--- START ---
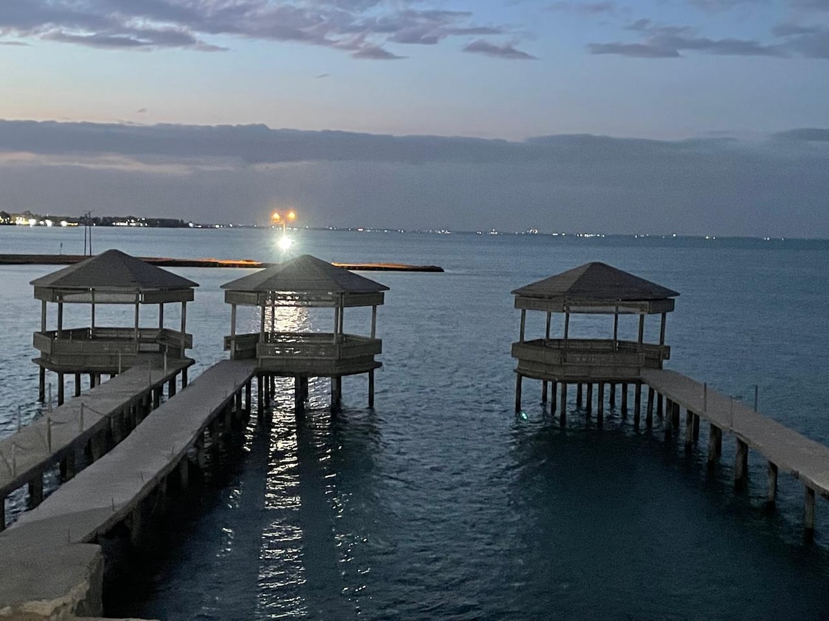 You won’t want to leave this charming, one-of-a-kind place. -The villa is a complex of elegant decorations, and natural marbles. -3 rooms with sea view. 1 room street view. -surrounded by Mango fruit trees and other trees. -a terrace overlooking the suez canal, with private beach -a large garden 200 sqm -Private Parking, can take 4 cars, with a small room for security.
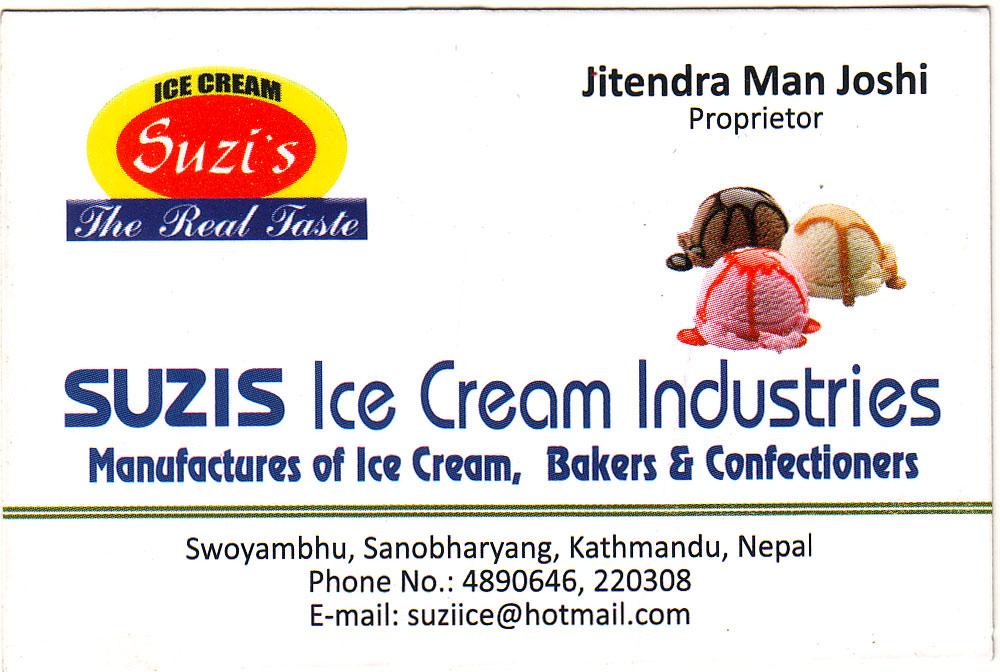 Suzi’s Ice-Cream Industries is a proudly Nepali-owned ice cream manufacturer based in Swayambhu (Sano Bharyang), Kathmandu. Known for its wide variety of delicious frozen treats, Suzi’s offers everything from creamy sundaes and ice-cream bars to unique seasonal flavors like Almond De-Coco and assorted Milky Bars. The company serves both retail and wholesale markets, making its products accessible across Nepal for individual customers, events, and retail shops. With a strong local identity, Suzi’s actively participates in festivals and celebrations, offering special promotions and engaging with its community. Dedicated to quality and customer satisfaction, Suzi’s Ice-Cream Industries continues to be a trusted name in Nepal’s frozen dessert scene. |
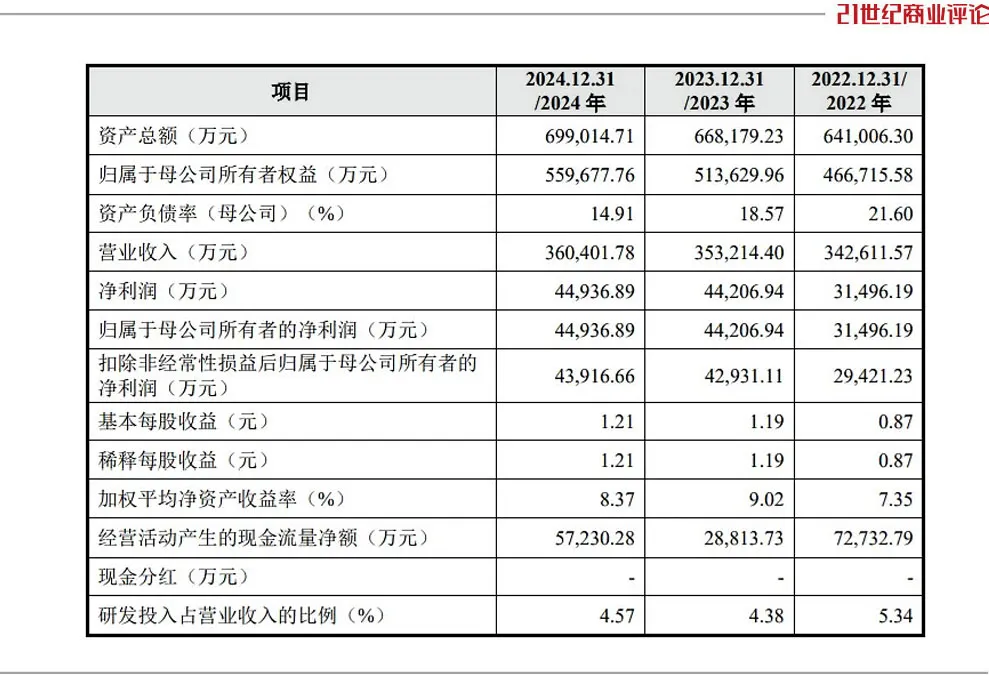 2024年,营收、净利分别为36.05亿元、4.49亿元,同比增幅均在2%左右;上一年,其净利同比增长四成。
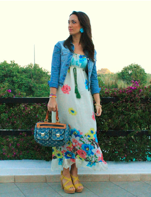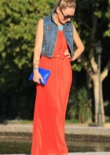 The summer dress in the floor is beautifully combined with a denim jacket or a short jacket jacket. An excellent tandem is a long model with sweaters on buttons or with short jackets, complemented by a belt.
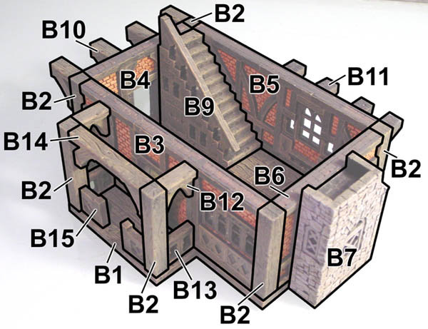 | 7. | Now, flip the house upside down to glue on the outer braces. Position the braces as you see shown in the photo. The B11 braces will not be evenly spaced apart because of the decorations on the B5 wall. |
--- END ---
> _YOUR OBJECTIVE_
Reproduce the data exactly as it appears above. Pictures are to be left out.

> _RESPONSE AREA_
 You won’t want to leave this charming, one-of-a-kind place. -The villa is a complex of elegant decorations, and natural marbles. -3 rooms with sea view. 1 room street view. -surrounded by Mango fruit trees and other trees. -a terrace overlooking the suez canal, with private beach -a large garden 200 sqm -Private Parking, can take 4 cars, with a small room for security.
 Suzi’s Ice-Cream Industries is a proudly Nepali-owned ice cream manufacturer based in Swayambhu (Sano Bharyang), Kathmandu. Known for its wide variety of delicious frozen treats, Suzi’s offers everything from creamy sundaes and ice-cream bars to unique seasonal flavors like Almond De-Coco and assorted Milky Bars. The company serves both retail and wholesale markets, making its products accessible across Nepal for individual customers, events, and retail shops. With a strong local identity, Suzi’s actively participates in festivals and celebrations, offering special promotions and engaging with its community. Dedicated to quality and customer satisfaction, Suzi’s Ice-Cream Industries continues to be a trusted name in Nepal’s frozen dessert scene. |
 2024年,营收、净利分别为36.05亿元、4.49亿元,同比增幅均在2%左右;上一年,其净利同比增长四成。
 The summer dress in the floor is beautifully combined with a denim jacket or a short jacket jacket. An excellent tandem is a long model with sweaters on buttons or with short jackets, complemented by a belt.
 | 7. | Now, flip the house upside down to glue on the outer braces. Position the braces as you see shown in the photo. The B11 braces will not be evenly spaced apart because of the decorations on the B5 wall. |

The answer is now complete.